Copy each line of the data below, character for character.

> [Saved entries]
=== Begin Enclosure ===
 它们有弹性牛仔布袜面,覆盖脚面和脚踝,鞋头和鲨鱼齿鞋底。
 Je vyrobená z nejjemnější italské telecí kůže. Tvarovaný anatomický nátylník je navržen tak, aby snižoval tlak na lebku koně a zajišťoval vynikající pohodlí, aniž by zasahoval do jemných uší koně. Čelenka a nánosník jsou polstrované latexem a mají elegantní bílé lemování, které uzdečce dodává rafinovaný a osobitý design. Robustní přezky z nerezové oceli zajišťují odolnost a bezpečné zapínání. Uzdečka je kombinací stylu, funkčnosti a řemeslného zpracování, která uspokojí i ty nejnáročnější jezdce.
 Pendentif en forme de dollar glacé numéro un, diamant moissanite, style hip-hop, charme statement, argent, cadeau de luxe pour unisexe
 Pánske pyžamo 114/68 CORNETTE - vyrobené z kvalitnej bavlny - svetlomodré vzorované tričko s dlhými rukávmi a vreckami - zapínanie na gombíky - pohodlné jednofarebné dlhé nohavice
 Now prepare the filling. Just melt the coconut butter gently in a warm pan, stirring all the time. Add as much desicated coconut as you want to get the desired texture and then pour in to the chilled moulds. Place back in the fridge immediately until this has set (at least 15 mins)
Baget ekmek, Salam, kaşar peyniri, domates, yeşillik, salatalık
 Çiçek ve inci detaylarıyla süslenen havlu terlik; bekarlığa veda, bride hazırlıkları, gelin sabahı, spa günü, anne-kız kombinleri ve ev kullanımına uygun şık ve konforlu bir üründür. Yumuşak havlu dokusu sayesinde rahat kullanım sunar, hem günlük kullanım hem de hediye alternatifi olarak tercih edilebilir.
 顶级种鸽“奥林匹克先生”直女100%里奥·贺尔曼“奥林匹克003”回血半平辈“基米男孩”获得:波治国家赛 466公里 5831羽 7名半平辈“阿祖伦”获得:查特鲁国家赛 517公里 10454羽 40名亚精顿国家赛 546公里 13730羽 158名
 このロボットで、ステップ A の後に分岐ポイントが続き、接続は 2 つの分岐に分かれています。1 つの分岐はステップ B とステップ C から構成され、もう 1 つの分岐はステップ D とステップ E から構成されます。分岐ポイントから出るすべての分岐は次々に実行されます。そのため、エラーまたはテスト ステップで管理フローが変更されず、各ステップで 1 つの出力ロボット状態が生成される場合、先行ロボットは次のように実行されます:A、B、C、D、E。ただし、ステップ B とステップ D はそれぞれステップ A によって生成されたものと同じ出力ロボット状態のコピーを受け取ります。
=== End Enclosure ===
> [Output for this exercise]
 它们有弹性牛仔布袜面,覆盖脚面和脚踝,鞋头和鲨鱼齿鞋底。
 Je vyrobená z nejjemnější italské telecí kůže. Tvarovaný anatomický nátylník je navržen tak, aby snižoval tlak na lebku koně a zajišťoval vynikající pohodlí, aniž by zasahoval do jemných uší koně. Čelenka a nánosník jsou polstrované latexem a mají elegantní bílé lemování, které uzdečce dodává rafinovaný a osobitý design. Robustní přezky z nerezové oceli zajišťují odolnost a bezpečné zapínání. Uzdečka je kombinací stylu, funkčnosti a řemeslného zpracování, která uspokojí i ty nejnáročnější jezdce.
 Pendentif en forme de dollar glacé numéro un, diamant moissanite, style hip-hop, charme statement, argent, cadeau de luxe pour unisexe
 Pánske pyžamo 114/68 CORNETTE - vyrobené z kvalitnej bavlny - svetlomodré vzorované tričko s dlhými rukávmi a vreckami - zapínanie na gombíky - pohodlné jednofarebné dlhé nohavice
 Now prepare the filling. Just melt the coconut butter gently in a warm pan, stirring all the time. Add as much desicated coconut as you want to get the desired texture and then pour in to the chilled moulds. Place back in the fridge immediately until this has set (at least 15 mins)
Baget ekmek, Salam, kaşar peyniri, domates, yeşillik, salatalık
 Çiçek ve inci detaylarıyla süslenen havlu terlik; bekarlığa veda, bride hazırlıkları, gelin sabahı, spa günü, anne-kız kombinleri ve ev kullanımına uygun şık ve konforlu bir üründür. Yumuşak havlu dokusu sayesinde rahat kullanım sunar, hem günlük kullanım hem de hediye alternatifi olarak tercih edilebilir.
 顶级种鸽“奥林匹克先生”直女100%里奥·贺尔曼“奥林匹克003”回血半平辈“基米男孩”获得:波治国家赛 466公里 5831羽 7名半平辈“阿祖伦”获得:查特鲁国家赛 517公里 10454羽 40名亚精顿国家赛 546公里 13730羽 158名
 このロボットで、ステップ A の後に分岐ポイントが続き、接続は 2 つの分岐に分かれています。1 つの分岐はステップ B とステップ C から構成され、もう 1 つの分岐はステップ D とステップ E から構成されます。分岐ポイントから出るすべての分岐は次々に実行されます。そのため、エラーまたはテスト ステップで管理フローが変更されず、各ステップで 1 つの出力ロボット状態が生成される場合、先行ロボットは次のように実行されます:A、B、C、D、E。ただし、ステップ B とステップ D はそれぞれステップ A によって生成されたものと同じ出力ロボット状態のコピーを受け取ります。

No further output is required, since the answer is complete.